Rubem Alves, na minha opinião, um dos maiores pensadores brasileiros, escreveu um conto chamado Ostra Feliz não Faz Pérola, no qual explora como o sofrimento pode ser um catalisador em nossas vidas. Por meio da metáfora da ostra, que transforma um grão de areia inconveniente em uma pérola, o autor nos convida a refletir sobre o papel das adversidades na construção de quem somos: aquilo que era um elemento intruso e incômodo, para a ostra, se transforma em algo de valor inestimável.
Já adianto que não farei apologia ao sofrimento, ao contrário, não vou romantizar a dor, quero apenas defender que o sofrimento nunca é algo que desejamos, mas que ele pode ser um fator de transformação em nossas vidas. Muitas vezes, na dor, quando nos recolhemos para dentro de nós, é que temos as melhores oportunidades de aprender mais sobre aquilo que somos e o que nos é essencial.
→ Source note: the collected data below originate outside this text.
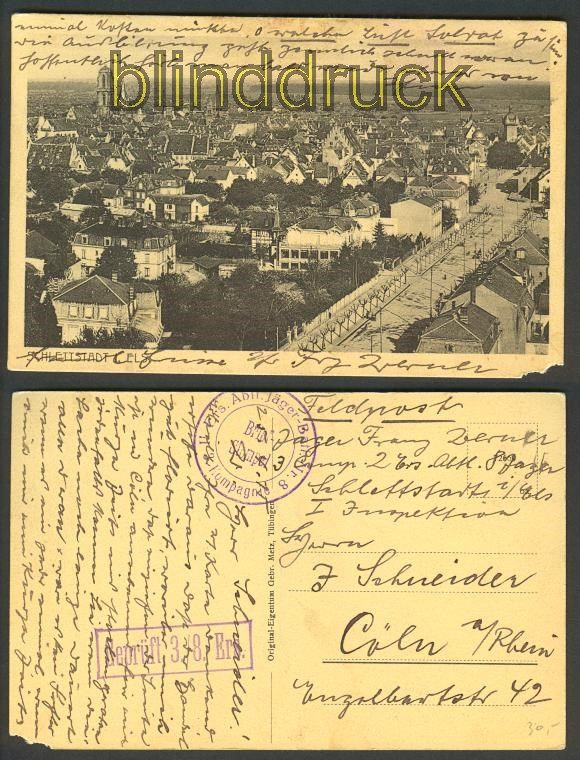 Elsass Schlettstadt im Elsass sw-AK Totalansicht Feldpost 1. WK Karte gelaufen als Feldpostkarte 1. Weltkrieg nach Cöln am Rhein untere rechte Ecke etwas beschädigt Erhaltung siehe Scan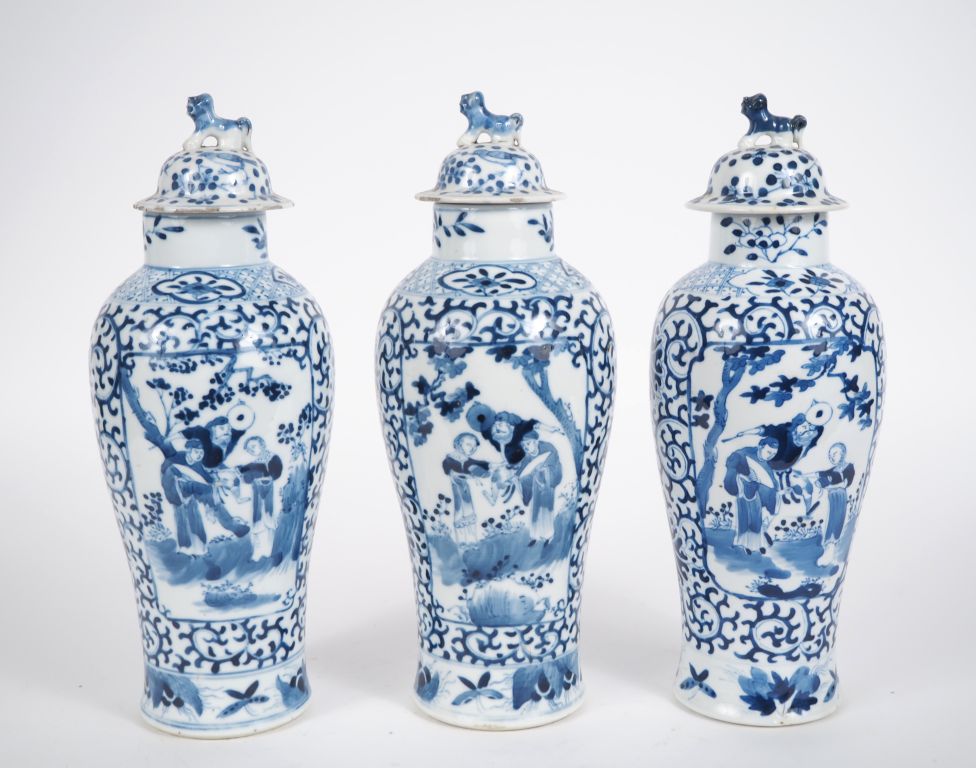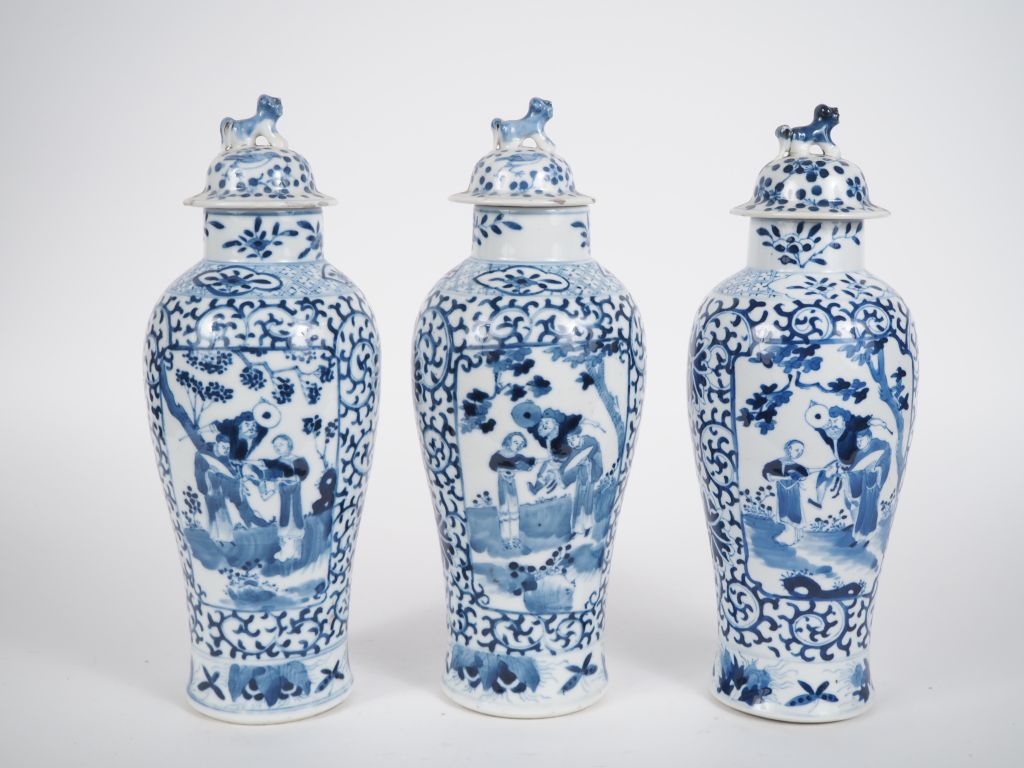 Chine fin XIXe siècle, Trois vases balustres couverts, en porcelaine blanche, à décor en bleu sous couverte de scènes de personnages. (égrenures sur les couvercles) H. 33 cm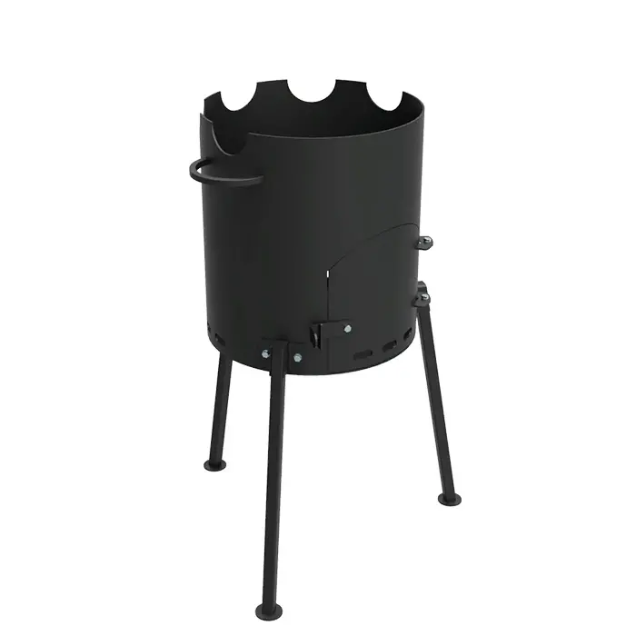 - Разборные ножки имеют плоское монтажное основание. Печь с казаном на 3 точках опоры будут ровно стоять на земле и не углубляться.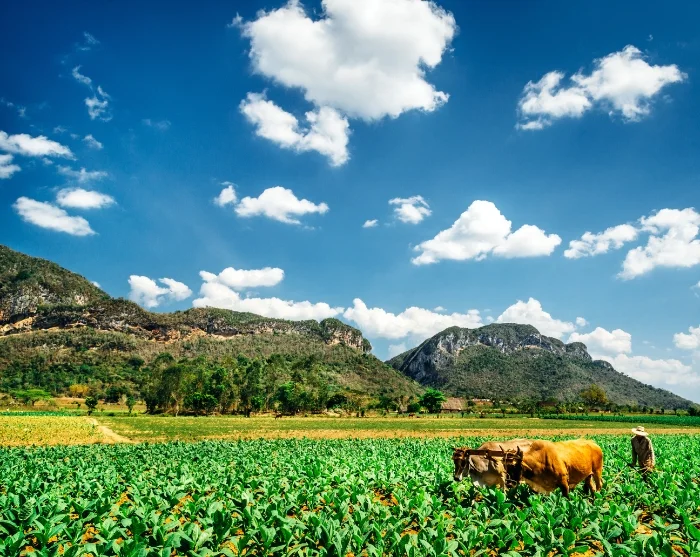 In de middag bezoek je de hoogtepunten van de Viñales-vallei. De excursie begint met een heerlijke lunch in een traditioneel Cubaans restaurant. Wanneer je honger is gestild, word je door je gids begeleid naar een kleine tabaksplantage, waar je een fascinerend inzicht krijgt in het werk van de tabaksboeren die de wereldberoemde sigaren van Cuba produceren. Het Viñales-gebied staat bekend omdat het de beste tabaksplanten van het land heeft. Hier komt de tabak voor de beroemde sigarenmerken Cohiba en Montecristo vandaan.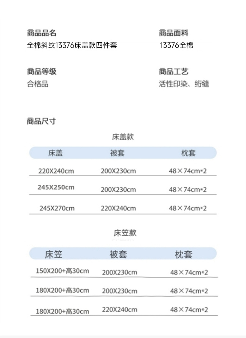商品名称:(总)优乐家纺 2025新款全棉斜纹13376单层被套夹棉床盖款四件套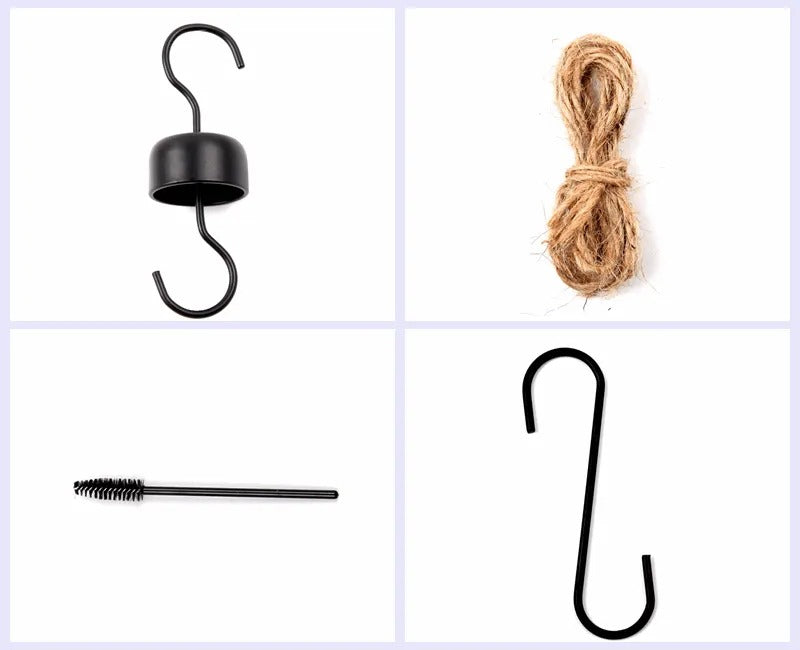 - 1 ant moat, 1 S hook, 1 hemp rope (to hang the bird feeder)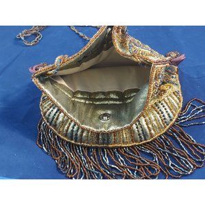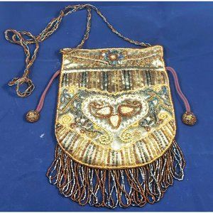 Get this gorgeous, Mini Bag, Fully beaded, with fringe and beaded strap. measures 7" wide by 8.75" tall (without the fringe). beautiful beaded design over gold taffeta, This bag will fabulous as an acsessory for your evening outfit.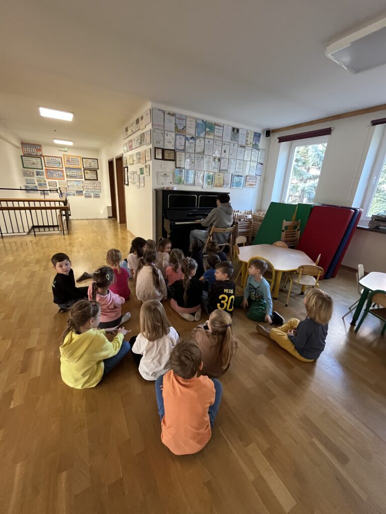 Dzieci poznały sylwetkę wybitnego kompozytora – Fryderyk Chopin. Dowiedziały się, kim był oraz jak powstaje muzyka fortepianowa. Ogromną radość sprawił im wujek Bruno -wolontariusz, który zagrał na pianinie utwory Chopina, pozwalając dzieciom poczuć magię muzyki na żywo.
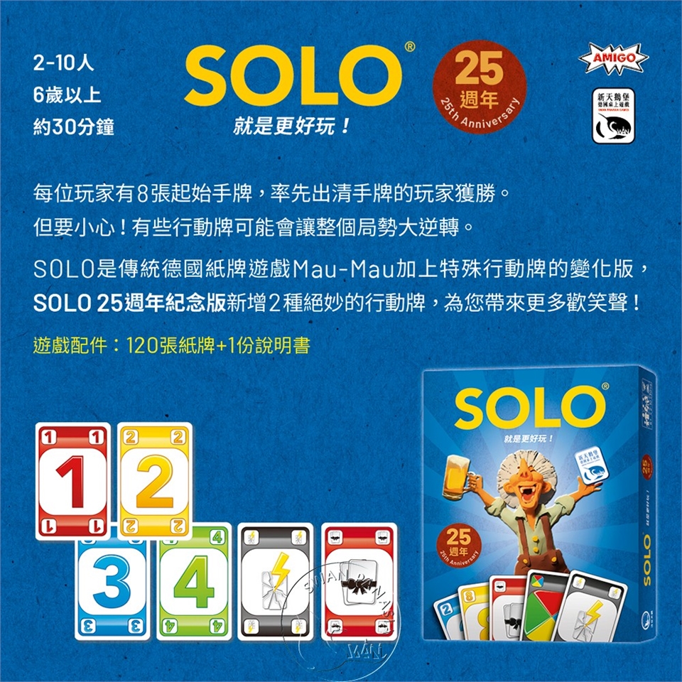 SOLO是傳統德國紙牌遊戲Mau-Mau加上特殊行動牌的變化版,SOLO25週年紀念版新增2種絕妙的行動牌,為您帶來更多歡笑聲!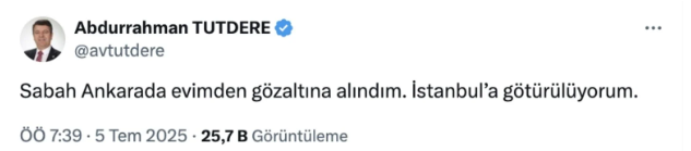 Tutdere, “Sabah Ankara'da evimden gözaltına alındım. İstanbul’a götürülüyorum” açıklamasını yaptı.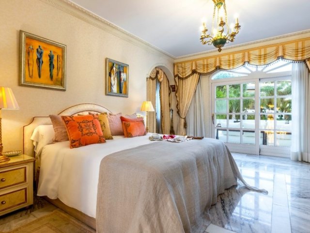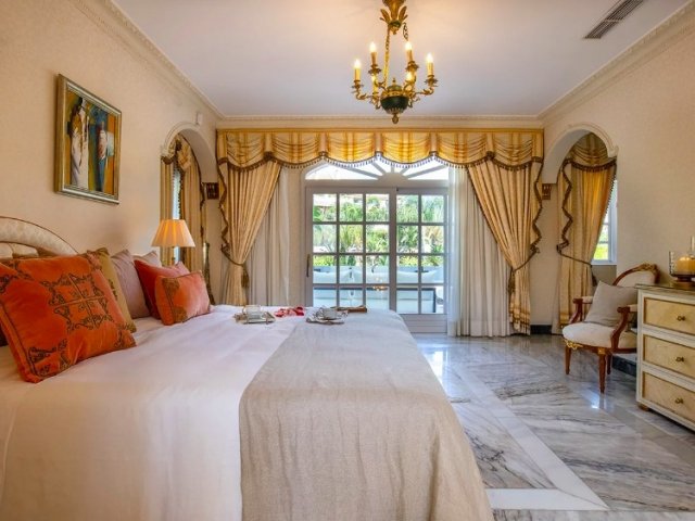 Minutes from the beach and marina, this prime Puerto Banus retreat offers 7 en-suite bedrooms and two pools, ideal for stylish group holiday rentals.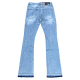 DENIMICITY RIP AND REPAIR LIGHT BLUE WASH WITH BABY BLUE STITCH STACKED JEANS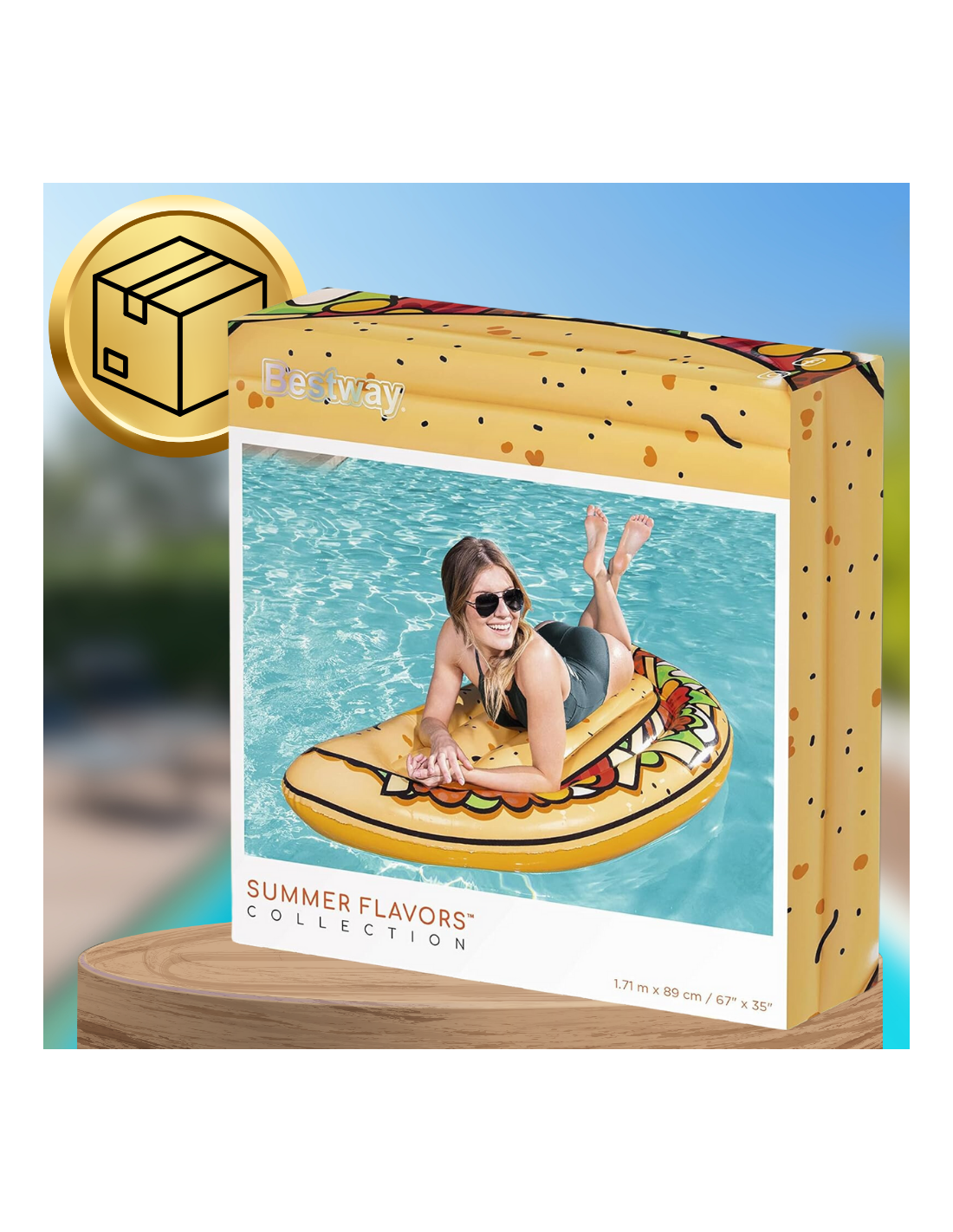 Odkryj przyjemność relaksu w wodzie z materacem dmuchanym BESTWAY w kształcie TACO XXL, idealnym do pływania w basenie, nad jeziorem czy na plaży. Wykonany z wysokiej jakości materiałów, ten duży materac zapewnia doskonałą stabilność i komfort, pozwalając cieszyć się dniem pełnym słońca i wodnych szaleństw. Dzięki jego dużym wymiarom, jest odpowiedni dla dorosłych oraz dzieci, co czyni go doskonałym wyborem dla całej rodziny. Materac jest łatwy w nadmuchiwaniu i spuszczaniu powietrza, co ułatwia transport i przechowywanie. Wzbogać swoje wakacyjne wspomnienia i zrelaksuj się na materacu, który z pewnością przyciągnie uwagę na każdej wyprawie.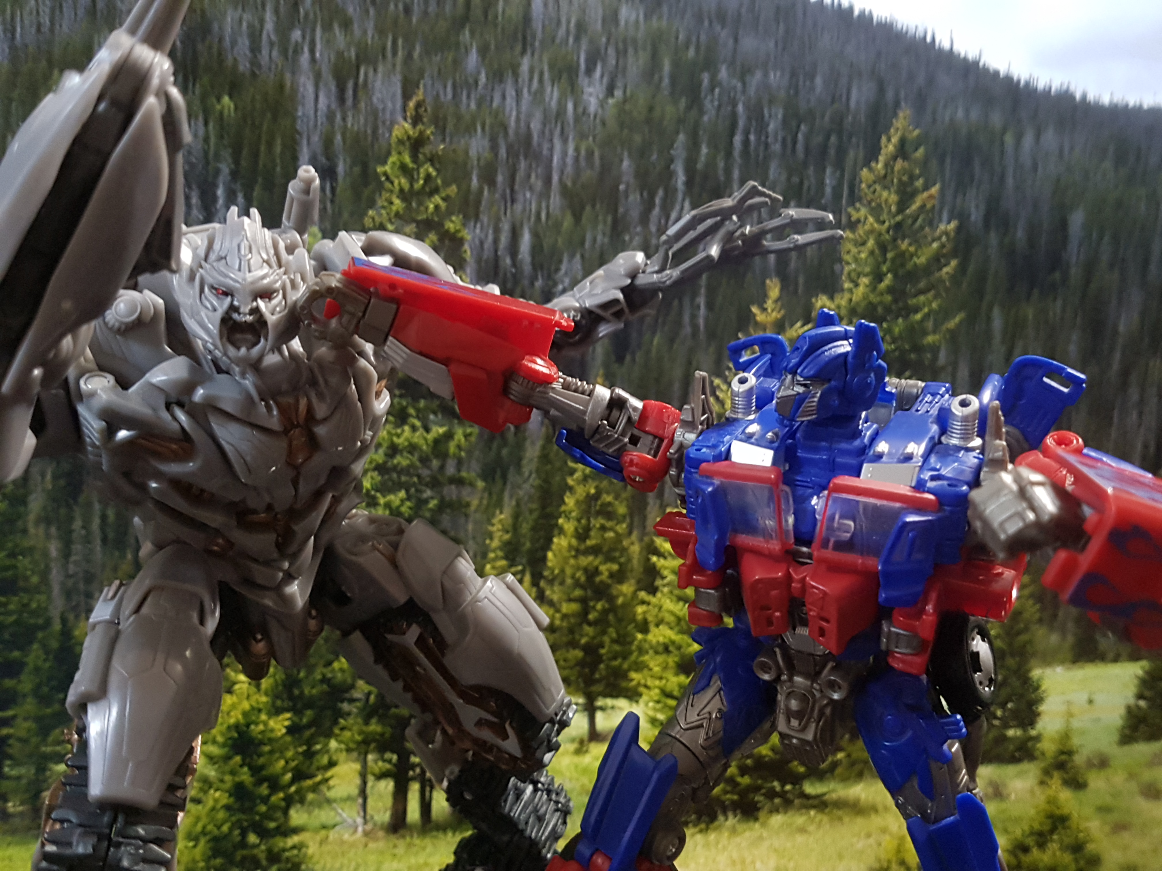 Today was the day the first episode of Transformers aired on tv in 1984. Fans on twitter have been doing pictures and fan art all day. So I took pictures of various Optimus' punching Megatrons in the face!
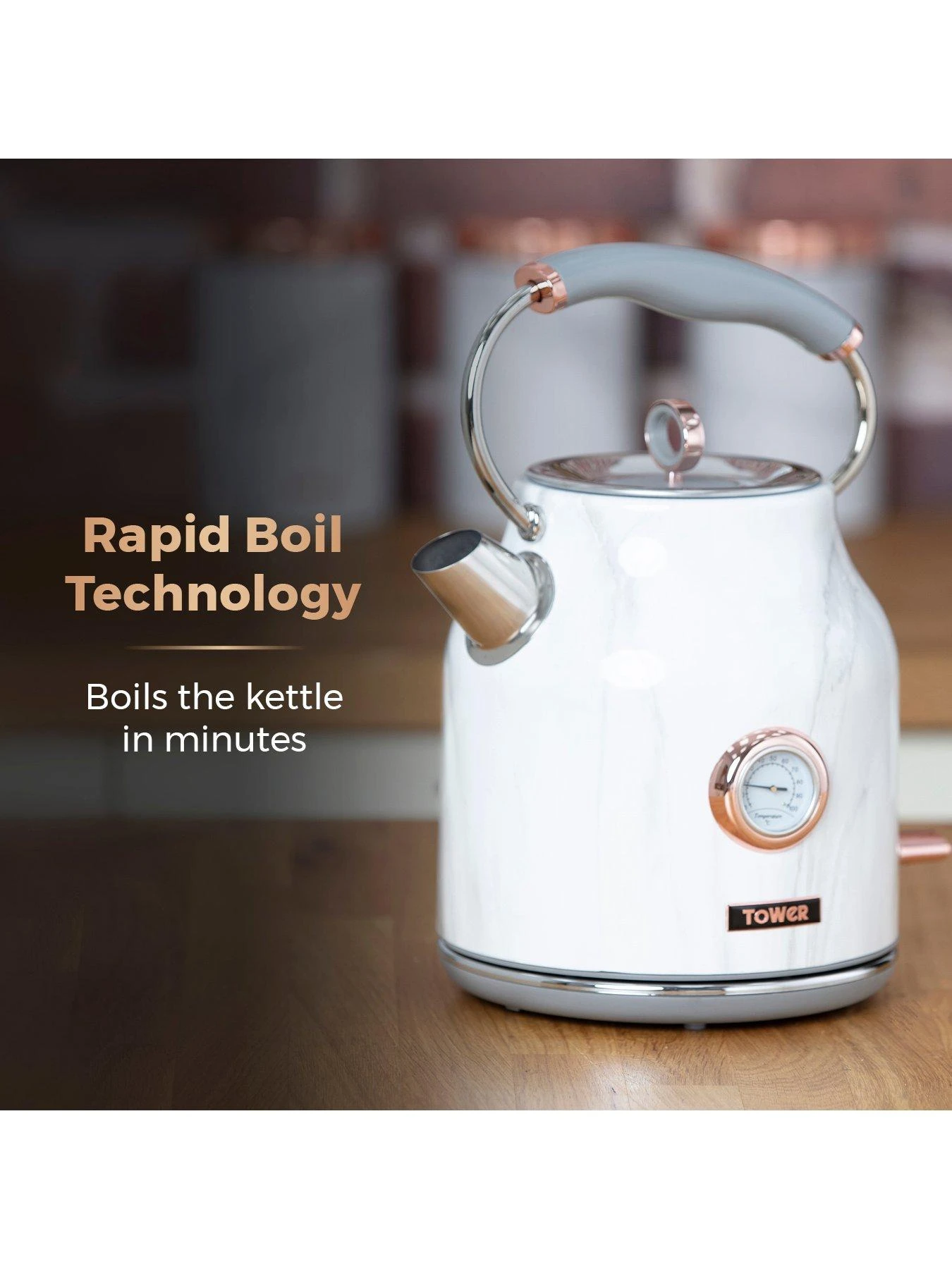 Boil your beverages in reduced time with the 3kW rapid boiling heating element of this Kettle. Designed with our contemporary white marble exterior coating, featuring a unique rose gold temperature dial and boiling switch, for a stylish finish on your worktop.

Talvez, por isso, precisemos nos reconciliar com nosso sofrimento, perdoando os imperdoáveis, vendo neles duros mestres, mas portadores de grandes lições.
E o caminho para isso pode ser abraçarmos as dores, ressignificarmos o passado e compreendermos que só somos quem somos hoje em razão de todas as coisas boas e ruins que nos aconteceram. Se temos orgulho de quem somos, portanto, devemos creditar parte disto ao sofrimento que determinadas pessoas ou situações nos causaram e que nos tornaram mais fortes, mais corajosos ou simplesmente, mais capazes de compreender o mundo que nos circunda.
Não é incomum que, ao analisarmos retrospectivamente nossas dores, nos fixemos apenas naquilo que doeu, deixando de lado o aprendizado, como se fosse vergonhoso levar joias do sofrimento. Pensado desse modo, o passado é apenas fonte de dor, mas, se concebido como a prova da nossa capacidade de superação, provavelmente chegaremos à conclusão de que somos também resultado das nossas experiências dolorosas, por piores que elas tenham sido.
Aceitar isso não é tarefa fácil, pois precisaremos voltar às memórias dolorosas e nos questionarmos sobre cada uma das lições que elas nos trouxeram, e como nos auxiliaram a nos tornarmos pessoas melhores. É muito provável que cheguemos à conclusão de que foram exatamente aquelas experiências dolorosas as que mais nos ensinaram e, nesse sentido, é provável que até sejamos gratos a elas.
Se pensarmos nas ostras, que viram pérolas em razão do atrito com algum elemento externo, voltaremos ao nosso passado com contida alegria, pois o elemento externo – a dor - machuca, mas também extrai de nós o melhor que podemos ser. Assim, o passado deixa de ser apenas um lugar de tristeza e arrependimento, para se transformar também em um local de aprendizado. Alcançada essa compreensão, dor e tristeza são percebidos - como de fato o são - partes da vida, cada uma com suas lições.
De alguma maneira, nossas sociedades modernas instagramáveis criaram um modelo de felicidade que está diretamente relacionado à ausência de dificuldade, como se houvesse alguém que de fato pudesse existir assim. Somos inundados cotidianamente com conteúdo retratando vidas e famílias perfeitas, o que na prática é irreal, mas, de algum modo, internalizamos. Nunca somos lembrados sobre as lições que a dor pode nos ensinar, ela é propositalmente ignorada, pois, como sabemos, a maioria de nós não é um bom consumidor quando triste.
Talvez, a resposta seja a de que a felicidade possível se relacione com a habilidade de ressignificar o passado doloroso, reconhecendo nele a contribuição para que nos tornássemos a pessoa que somos hoje. Se conseguirmos, passaremos a ser gratos por cada incômodo, pois foram o combustível da nossa transformação. Assim elaborado, ao invés de lamentar as dores, as assumimos como parte da história que nos trouxe até aqui.